At 11:00 AM -0700 5/30/97, Declan McCullagh wrote:
And it's fun to play with. Let's say I was born in 1970 and make $30,000 a year (BTW, I wasn't and don't). Assuming I retire at 67 and inflation is 3 percent, Social Security would give me $1,293 a month after I retire. And that's if you assume Social Security won't go belly-up, a hard position to maintain since its own trustees say it's underfunded by 25 to 33 percent.

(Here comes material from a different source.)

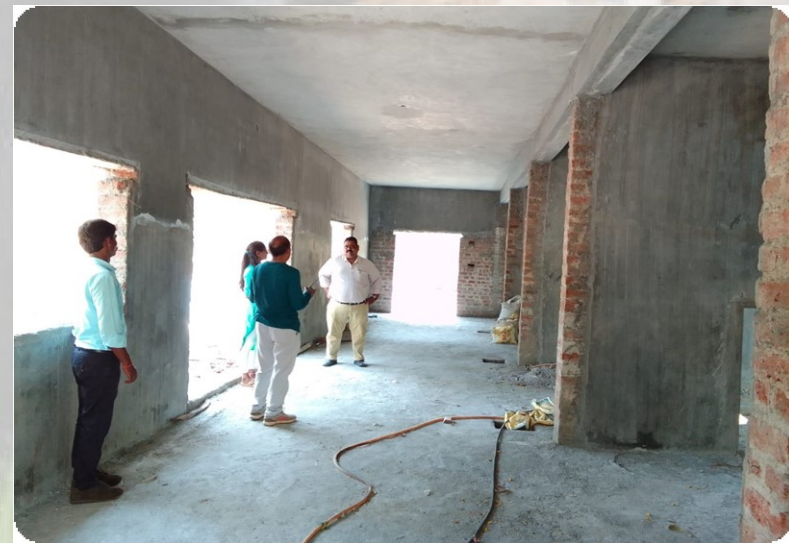
Construction of Tiger Enclosure

I paid into the SS fund from 1969 to 1986. And yet I knew from around 1975 or so that it was a Ponzi scheme, with current intake being used to pay ouflow and with no "trust fund." (The so-called "trust fund" is actually just a bunch of IOUs placed there by the government...the inflow is sent back out to welfare mothers, chiselers, and corporate welfare cases, and an IOU is placed back in the jar. This is *NOT* calculated into the $5.3 trillion national debt. That $5.3 trillion debt amounts to $53,000 owed on average by each of the 100 million or so taxpayers (the other 150 million being children, spouses, nonfilers, welfare recipients, spouses, etc.). Most of these 100 million do not have $53,000 in any form of assets, of course.)
Compare that to a stock fund, which yields so much more: $8,635 a month.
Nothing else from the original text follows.